__TASK BRIEF__. From the listing below, give again exactly the lines from the line with "Fig. 7: Una" to the line with "Durch das duale", ends included, without any pictures.

__DATA RECORDS__.
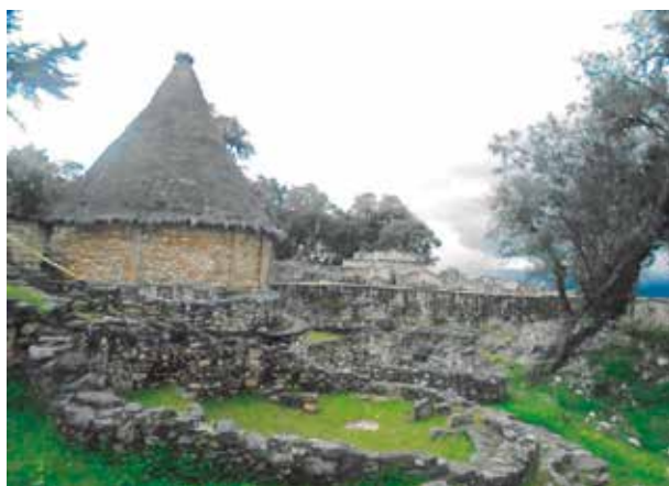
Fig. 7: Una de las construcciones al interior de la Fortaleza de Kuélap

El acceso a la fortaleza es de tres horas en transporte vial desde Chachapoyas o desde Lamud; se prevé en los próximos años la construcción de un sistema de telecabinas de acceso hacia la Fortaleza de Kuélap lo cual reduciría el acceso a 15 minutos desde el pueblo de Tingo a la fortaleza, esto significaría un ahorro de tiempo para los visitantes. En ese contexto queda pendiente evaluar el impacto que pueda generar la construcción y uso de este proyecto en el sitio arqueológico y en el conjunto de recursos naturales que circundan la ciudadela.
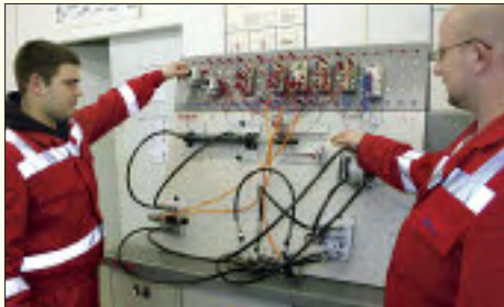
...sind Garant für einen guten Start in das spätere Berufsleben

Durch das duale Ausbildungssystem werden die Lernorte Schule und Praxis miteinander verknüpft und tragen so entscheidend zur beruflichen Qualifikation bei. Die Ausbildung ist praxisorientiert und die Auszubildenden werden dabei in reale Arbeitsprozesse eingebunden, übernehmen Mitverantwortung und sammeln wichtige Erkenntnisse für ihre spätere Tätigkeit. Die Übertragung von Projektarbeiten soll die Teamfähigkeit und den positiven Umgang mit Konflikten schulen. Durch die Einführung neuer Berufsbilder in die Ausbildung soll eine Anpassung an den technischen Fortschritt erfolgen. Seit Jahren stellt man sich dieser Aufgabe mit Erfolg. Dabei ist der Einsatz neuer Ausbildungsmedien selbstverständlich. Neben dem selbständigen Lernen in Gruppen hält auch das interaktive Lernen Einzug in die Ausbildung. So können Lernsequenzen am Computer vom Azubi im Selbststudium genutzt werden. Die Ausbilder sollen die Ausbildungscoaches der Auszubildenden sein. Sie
--
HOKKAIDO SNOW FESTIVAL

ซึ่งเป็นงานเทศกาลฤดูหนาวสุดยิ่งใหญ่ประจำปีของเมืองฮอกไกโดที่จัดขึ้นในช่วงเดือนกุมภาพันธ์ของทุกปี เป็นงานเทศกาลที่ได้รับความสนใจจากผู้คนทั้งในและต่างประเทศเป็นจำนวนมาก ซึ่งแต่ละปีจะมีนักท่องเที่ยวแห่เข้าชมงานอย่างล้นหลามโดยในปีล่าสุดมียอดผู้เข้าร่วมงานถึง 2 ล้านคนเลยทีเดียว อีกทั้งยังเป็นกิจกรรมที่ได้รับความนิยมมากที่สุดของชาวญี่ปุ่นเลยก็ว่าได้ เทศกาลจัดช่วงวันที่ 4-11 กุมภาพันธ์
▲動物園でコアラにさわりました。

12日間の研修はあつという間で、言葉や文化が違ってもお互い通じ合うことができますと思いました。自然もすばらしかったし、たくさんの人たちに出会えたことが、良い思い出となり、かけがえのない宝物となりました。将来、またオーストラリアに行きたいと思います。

__RESULT OF THE TASK__.
Fig. 7: Una de las construcciones al interior de la Fortaleza de Kuélap

El acceso a la fortaleza es de tres horas en transporte vial desde Chachapoyas o desde Lamud; se prevé en los próximos años la construcción de un sistema de telecabinas de acceso hacia la Fortaleza de Kuélap lo cual reduciría el acceso a 15 minutos desde el pueblo de Tingo a la fortaleza, esto significaría un ahorro de tiempo para los visitantes. En ese contexto queda pendiente evaluar el impacto que pueda generar la construcción y uso de este proyecto en el sitio arqueológico y en el conjunto de recursos naturales que circundan la ciudadela.
...sind Garant für einen guten Start in das spätere Berufsleben

Durch das duale Ausbildungssystem werden die Lernorte Schule und Praxis miteinander verknüpft und tragen so entscheidend zur beruflichen Qualifikation bei. Die Ausbildung ist praxisorientiert und die Auszubildenden werden dabei in reale Arbeitsprozesse eingebunden, übernehmen Mitverantwortung und sammeln wichtige Erkenntnisse für ihre spätere Tätigkeit. Die Übertragung von Projektarbeiten soll die Teamfähigkeit und den positiven Umgang mit Konflikten schulen. Durch die Einführung neuer Berufsbilder in die Ausbildung soll eine Anpassung an den technischen Fortschritt erfolgen. Seit Jahren stellt man sich dieser Aufgabe mit Erfolg. Dabei ist der Einsatz neuer Ausbildungsmedien selbstverständlich. Neben dem selbständigen Lernen in Gruppen hält auch das interaktive Lernen Einzug in die Ausbildung. So können Lernsequenzen am Computer vom Azubi im Selbststudium genutzt werden. Die Ausbilder sollen die Ausbildungscoaches der Auszubildenden sein. Sie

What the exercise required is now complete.